Toxic masculinity may be easy to observe because masculine traits are often outwardly focused and assertive. They are what we often see in the world around us from both men and women. Watch any political debate, including those with women. . . it's often one big bro-off. As Sir Isaac Newton declared: For every action, there is an equal and opposite reaction.

So yes, toxic femininity must exist. It is also equally toxic - if that's the descriptor we are choosing to stick with. But traditionally "feminine" traits tend to be more passive in their expression than masculine traits, so we may not see the effects of toxic femininity as obviously as those of toxic masculinity. 

Note: Again, "feminine" is not "female" or "woman." We all express all of these traits. Feminine traits include passivity, empathy, sensuality, patience, tenderness, and receptivity among others. When over-indulged, these may result in individuals ignoring their mental or physical needs to sustain those around them. Toxic femininity is when one works to the benefit of others but to the detriment of themselves. It can appear as forms of depression, exhaustion, or wildly illogical solutions to complex problems.

Where do we see toxic femininity and toxic masculinity come into play as it relates to Greek Life?

Toxic masculinity shows up in situations where hierarchy, order, and discipline work to the detriment of a chapter - there is an exertion of force or ambition without acknowledgment for the needs and humanity of others in the room. It shows in our approach toward hazing and substance abuse - punitive policies and actions - and in dangerous forms of hazing itself.

Toxic femininity is on display when we place the "community" above the chapter. It shows when we prevent students from freely associating and creating new fraternities or sororities because we want to nurture and rebuild failing chapters - even if our help actually worsens the state of those failing chapters or simply delays their inevitable demise.

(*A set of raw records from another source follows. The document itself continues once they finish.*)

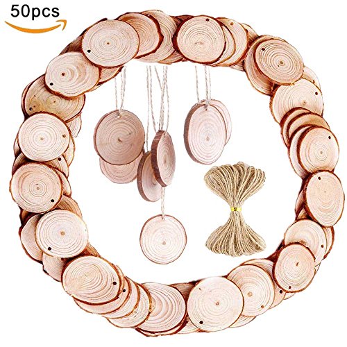 - Package contains 50 pcs pine tree discs and 33 Feet Natrual Jute Twine
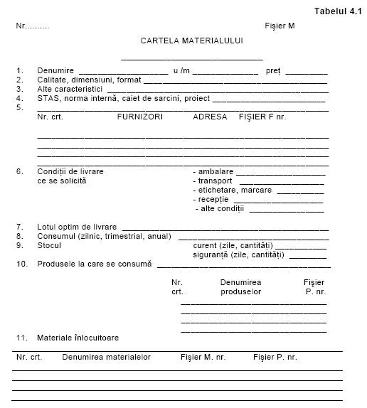 elaborarea de previziuni privind necesitatile de materiale;
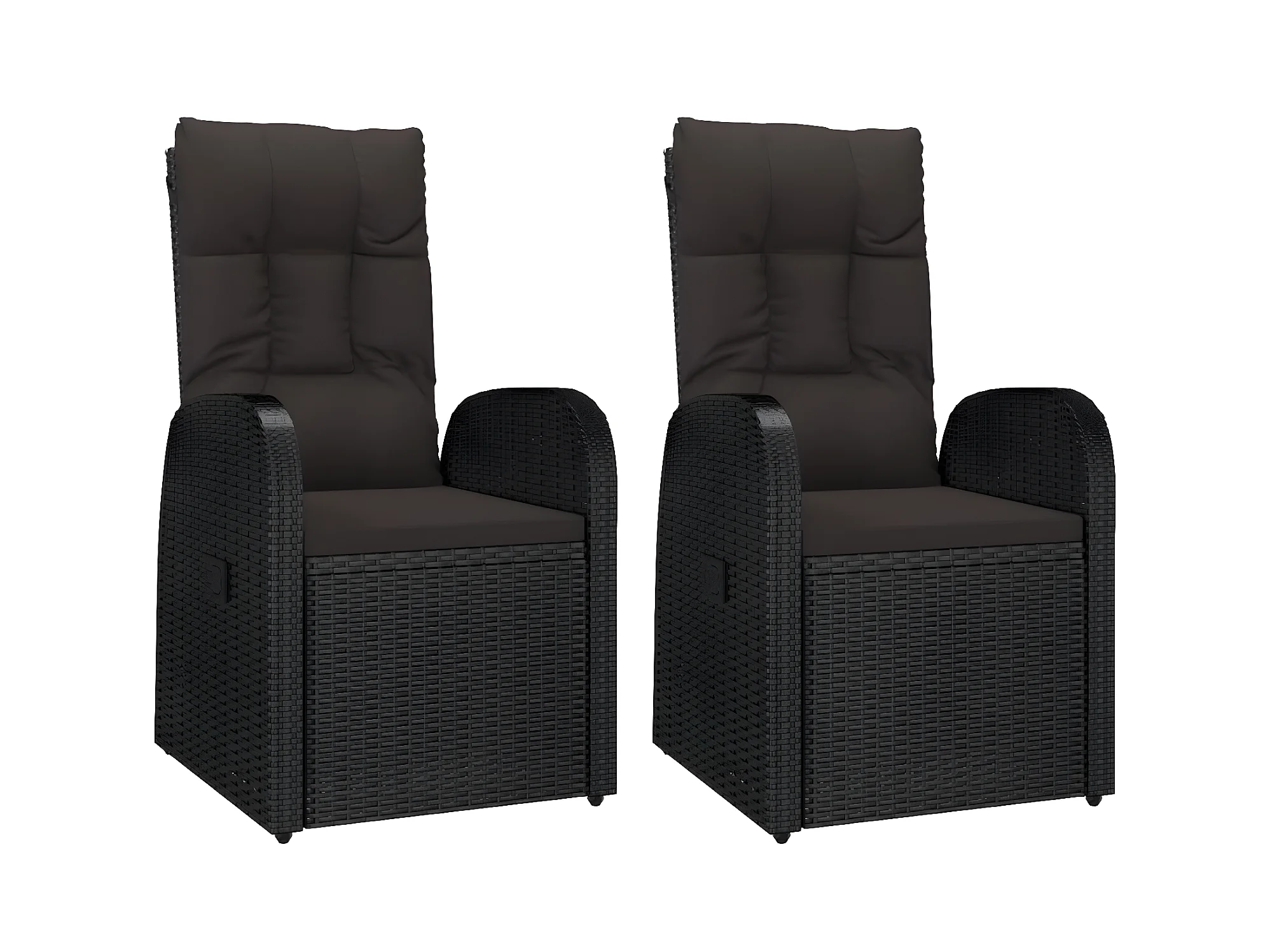 Cadeiras jardim reclináveis 2 pcs c/ almofadões vime PE preto PT898402
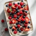 Full rectangular white baking dish filled with a fluffy whipped cream dessert topped generously with fresh whole raspberries, whole blueberries, and halved strawberries, lightly dusted with cocoa powder, presentation styled on a white marble countertop with natural lighting from a 3/4 angle, professional food magazine hero shot, photo taken with an iphone --ar 4:5 --v 7
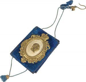 [CARNET DE BAL]. Meidlinger Bürger-Ball 17. Februar 1898. Vienne, Atelier E. Döhle, [1898]. In-32 (env. 7,5 x 6 cm) de 2 ff.n.ch., velours bleu, médaillon en métal doré contenant sur fond de soie blanche un portrait de profil coiffé de lauriers...
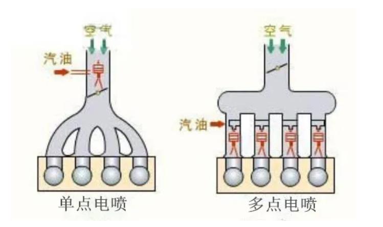 多点电喷也就是我们平时说的“歧管喷射”,是在单点电喷的基础上改进得来的。早期的电喷技术从单点电喷开始,单点电喷的喷油嘴放在发动机进气歧管的节气门位置,燃料喷入后先和空气进行混合,再将混合气体通过进气歧管分配到各个气缸中。但这种喷油方式由于四个进气歧管的长度不同,会导致不同气缸会燃烧不充分,进而发动机运行也会不稳定,单点也被淘汰。
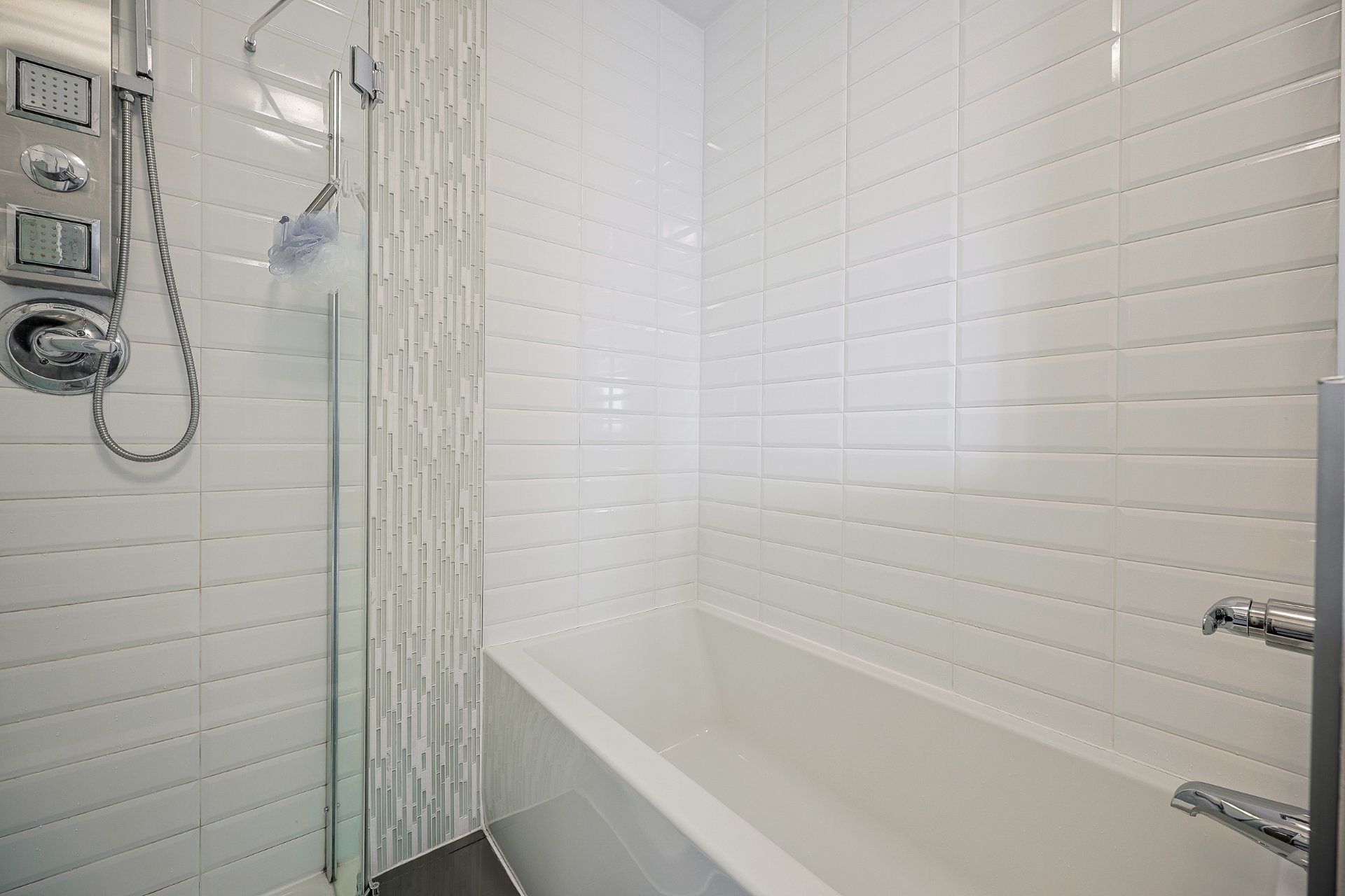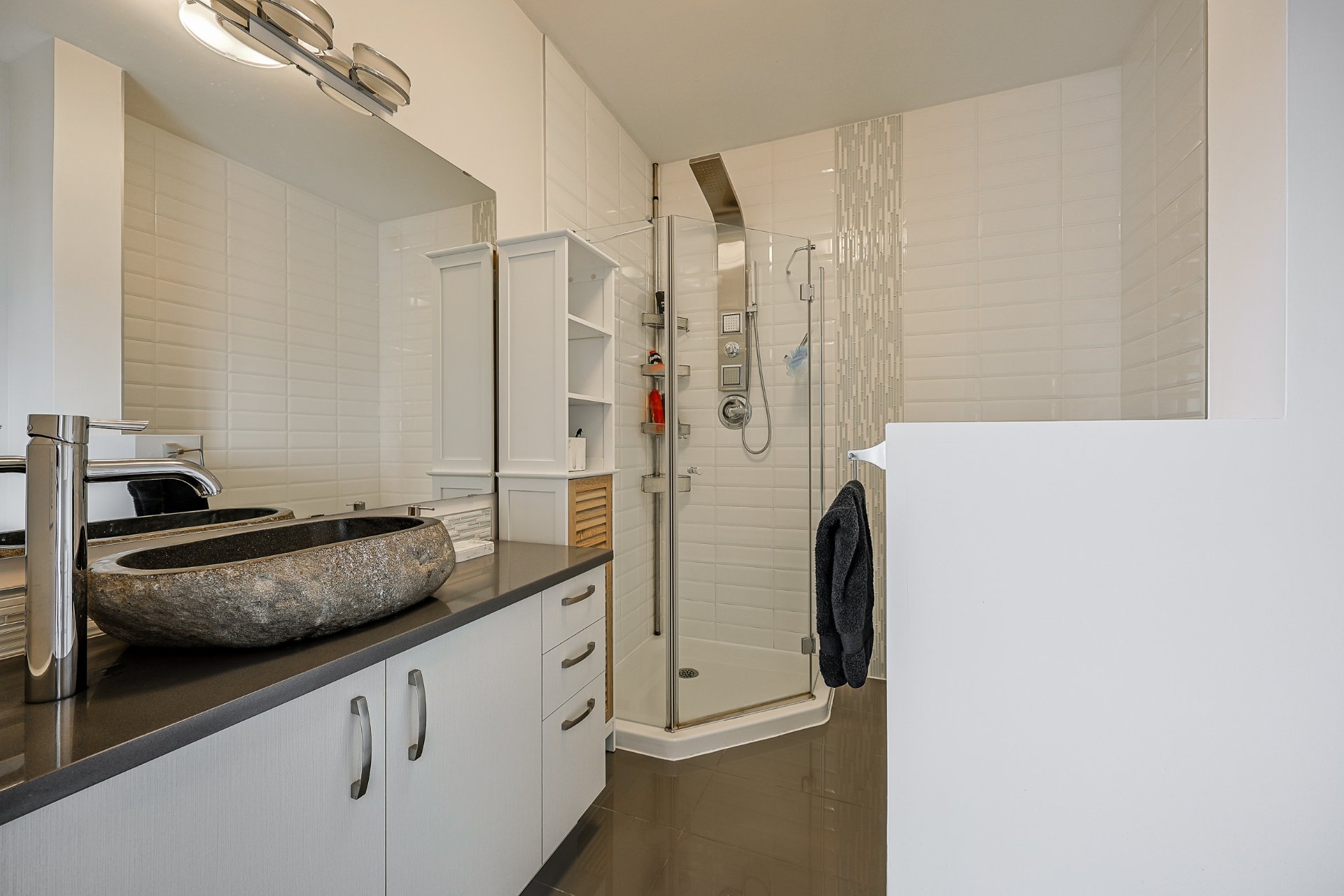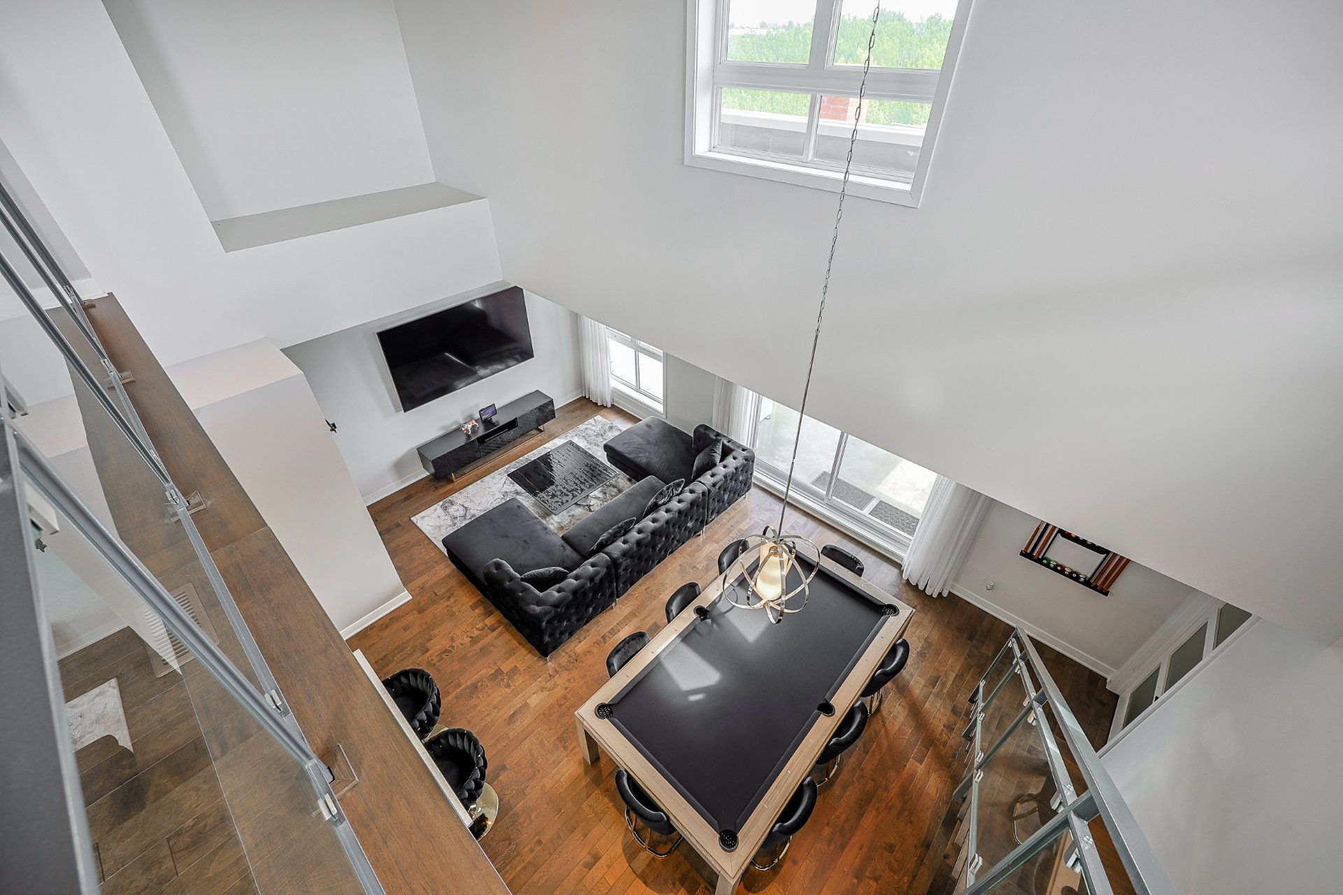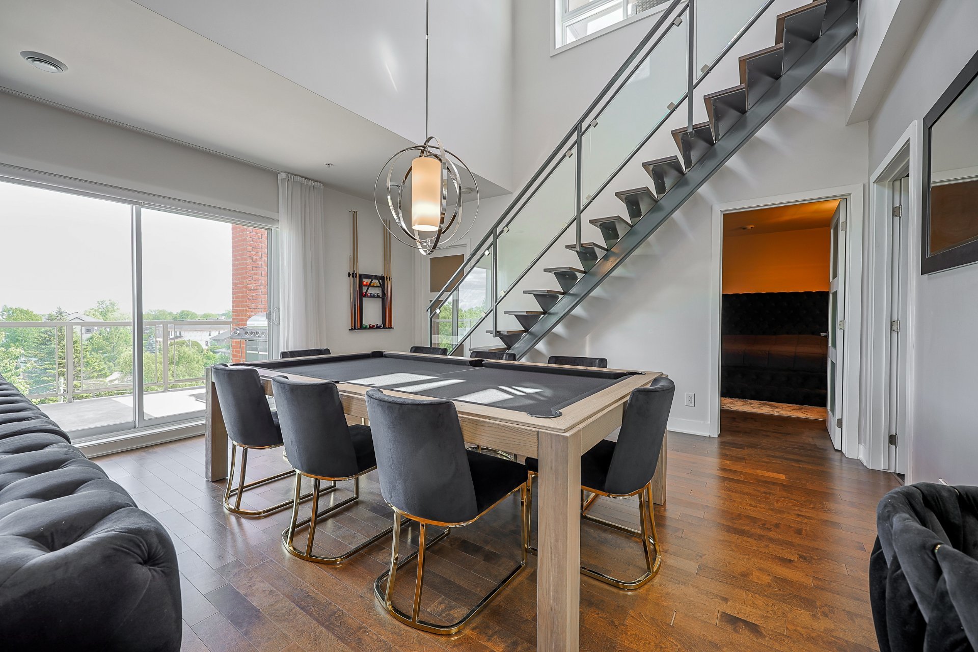 Stunning 2-bedroom condo, 2 garages with a mezzanine and private terrace featuring a spa. Open-concept design with 20-ft ceilings floods the space with natural light. Fully furnished, ready for immediate move-in. Secure complex offers a pool, gym, and garage with an electric car charging station. Elegant kitchen with quartz countertops, 2 modern bathrooms. Close to Méga-Centre Notre-Dame and Highway 13, just 5 min from Montreal. A must-see!

It shows when our members overextend themselves, often with our encouragement. Toxic femininity is on display when chapters recruit against their standards because they feel or are compelled to "build better men or women," because we want everyone to feel as if they belong, and because they don't see the threats to their chapter's viability. Toxic femininity shows in the 1,100 suicides taking place on college campuses every year, (which affects more men than women, by the way).

Men are from Mars. Women are from Venus.

Mars (associated with the masculine) and Venus (associated with the feminine) are actually both perfect metaphors of toxic masculinity and femininity. Mars is barren, lifeless, and representative of a "scorched earth," where the atmosphere is too thin and too barren to nurture life. Venus is the opposite. Its atmosphere is heavy to the extent that it is poisonous and incubates the planet into a boiling, swampy mess.

Earth is right in the middle. Fertile and feminine enough to nurture life, but disciplined and masculine enough to push life to evolve further. 

Here is why you must address Toxic Femininity: We all express masculine and feminine traits. We can all express either masculine or feminine traits to the extent that they harm us or those around us. To put one down and ignore the other puts men on the defensive and encourages men and women to suppress their masculine traits, which may push more people toward the extremes of femininity.

Life is balance, so balance your approach to discussing human issues and encourage students to do the same.